Ashley Smyth
17 March 2025, 11:07 PM
Japanese-born artist Motoko Kikkawa loves to challenge herself when it comes to art.
“In the art world, a mistake is not a mistake,” she says. “That’s upside down. We celebrate the mistake.”
That’s also what she enjoys about New Zealand, and why she decided to move here from Tokyo about 20 years ago.
“Everyone recommended me, oh, you should go to New Zealand . . . because it's opposite. Everything is opposite.”
She says “the rules” are different here than in Japan.
Motoko is one of the new artists taking part in the Crucible Artist Residency, about a month into the pilot programme’s second phase.
The residency programme was launched by the Hynds Foundation and Gillies MetalTech foundry at the foundry, last year, and Karitane-based artist John Ward Knox is also taking part this time around.
The pair follow on from Karen Aitken and Sian Quennell Torrington.
Motoko has been living in Dunedin since she moved to New Zealand and graduated from the Dunedin School of Art in 2010.
She is having fun in Ōamaru, she says.
Learning how to use the foundry, with the help of staff, means she gets to extend the way she expresses herself through her art.
“It’s very, very fun, because I love doing new things.”
She says someone once told her, her work is very organic.
“I work with my feelings, not logic.
“I am a very logical person but I don't make logical art, I follow the feeling.”
Motoko's artwork for this residency began as the inside of a Census envelope. Photo: Ashley Smyth
She has always enjoyed making contemporary art and likes using materials she finds lying around - like rubbish.

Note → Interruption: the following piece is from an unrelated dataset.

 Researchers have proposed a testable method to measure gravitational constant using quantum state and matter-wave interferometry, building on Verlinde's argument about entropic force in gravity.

The patterns for the work she is doing as part of her residency came from the inside of the Census form envelope she has been holding onto.

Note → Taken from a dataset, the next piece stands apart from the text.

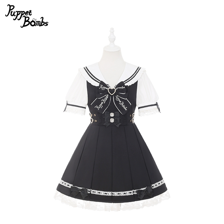 【Q417 Q435】 レイヤード風セーラーはしごレースワンピース [Q417 Q435]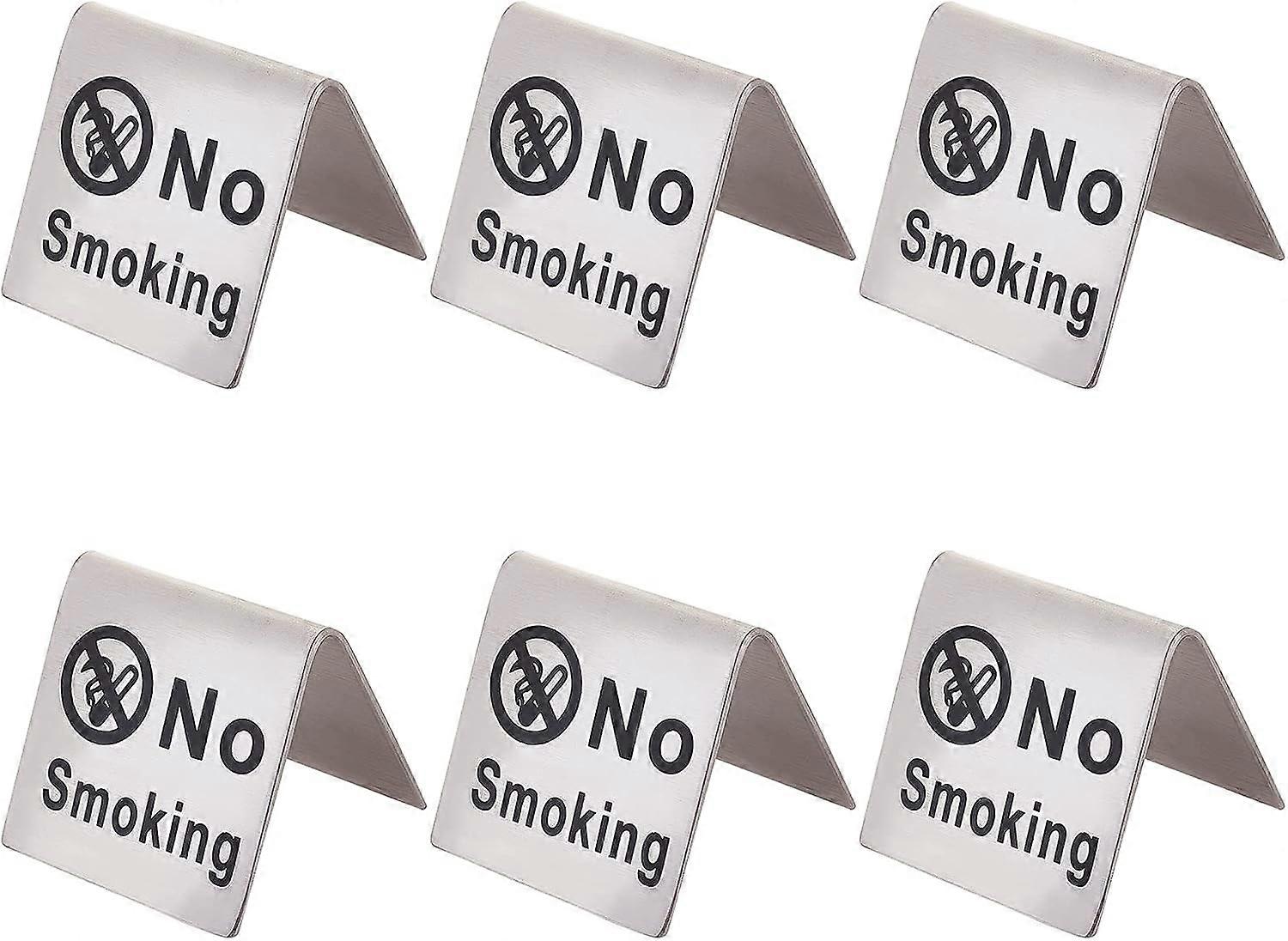 6 Pcs Stainless Steel No Smoking Table Sign Double Side Stainless Steel No Smoking Sign Card No Smoking Table Tent Signs Restaurant Office Non-Smoking

“The envelope was black and white, and, wow, it's very cool, and I wanted to keep it . . . And I didn't plan anything, just made the cutout.”

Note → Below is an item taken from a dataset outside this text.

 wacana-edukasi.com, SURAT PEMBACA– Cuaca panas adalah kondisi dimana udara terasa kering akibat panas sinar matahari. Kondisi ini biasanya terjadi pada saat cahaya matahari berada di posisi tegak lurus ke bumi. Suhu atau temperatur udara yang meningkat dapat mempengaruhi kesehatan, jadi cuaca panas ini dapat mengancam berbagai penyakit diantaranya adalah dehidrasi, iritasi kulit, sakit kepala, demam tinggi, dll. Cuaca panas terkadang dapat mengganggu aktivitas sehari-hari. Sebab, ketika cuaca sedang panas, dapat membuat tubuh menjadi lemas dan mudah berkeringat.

Her cutout shape is inspired by seaweed.
“Because seaweed is really beautiful, flowing. And when it's dry, it's very beautiful, and this is kind of our life.”
The works she is making are painstakingly intricate. Once she had her shape, she photocopied it onto a transparent sheet, and then played around with putting duplicates of the same design together and on top of each other to make different forms.
“So depending on how you put it on, completely different things come up,” Motoko says.
She took photos of the different patterns, and is using them as the templates for the moulds she makes for casting in the forge.
The templates have been laser-cut from wood, and then the edges rounded, to make it easier to pull out of the sand moulds the molten metal is poured into.
“That took a looong time”, she laughs. “I didn’t know how to use it, I didn’t know what materials were good.”
Now that Motoko has her first piece of work out of the forge, she is left with the task of refining it, and smoothing out all the edges with a small metal sanding tool.
She is hoping to make at least three pieces in the 16 weeks she has at the forge, to show how the idea works.
Playing with the shapes has made her realise that symmetry looks “very comfortable”.
“If it is symmetry, or perfect, we, I feel, maybe everyone feel, kind of comfortable. People think it's cool, but at the same time, boring,” Motoko says.
“Maybe, how about a little bit of not too similar . . . could be interesting.”
Some of the shapes Motoko has come up with by layering her template in different ways. Photo: Ashley Smyth
In her breaks from working on her Crucible pieces, Motoko produces artwork using watercolours and calligraphy ink.
She paints, and then draws delicate and intricate details within the paintings.
“It's asymmetrical, but balanced,” she says.
“So, I think my work has all ended up about the world . . . Helping each other and fighting with each other, and carrying on the life.
“I think this way of thinking is a very Asian, Buddhism way of thinking - I'm not living by myself, I'm part of everyone's life . . . It's like we are sitting in a swimming pool or a common bath, and everyone is connected.”
She says the work just appears without her thinking.
“I just follow.”
She enjoys creating intricate art, using small things such as grains of rice, which take a lot of time. But because she finds it fun, it’s easy, she says.
Motoko says Ōamaru is perfect for her, because she doesn’t drive and can walk everywhere she needs to go, and it’s easy to meet people.
One of the artworks Motoko has done during her residency. Photo: Motoko Kikkawa
“Everyone looks very friendly and happy.
“I think young people in Ōamaru are thinking Ōamaru is small and boring, but from overseas people, it's ‘wow’!”
Once she has finished with the residency, Motoko has plans to use grass for her next project.
“I like to do new things. To enjoy the life,” she says. “I always look at science for new discovery or new idea.”
As we grow up, we are taught what things in nature are good and bad, Motoko says.
“But actually we don't need to think like that . . . this is what I’m thinking.
“I'm always trying to make beautiful. Also new . . . I love to surprise myself.”
An exhibition of Motoko's and John's works will be held towards the end of their residencies, at around King's Birthday Weekend.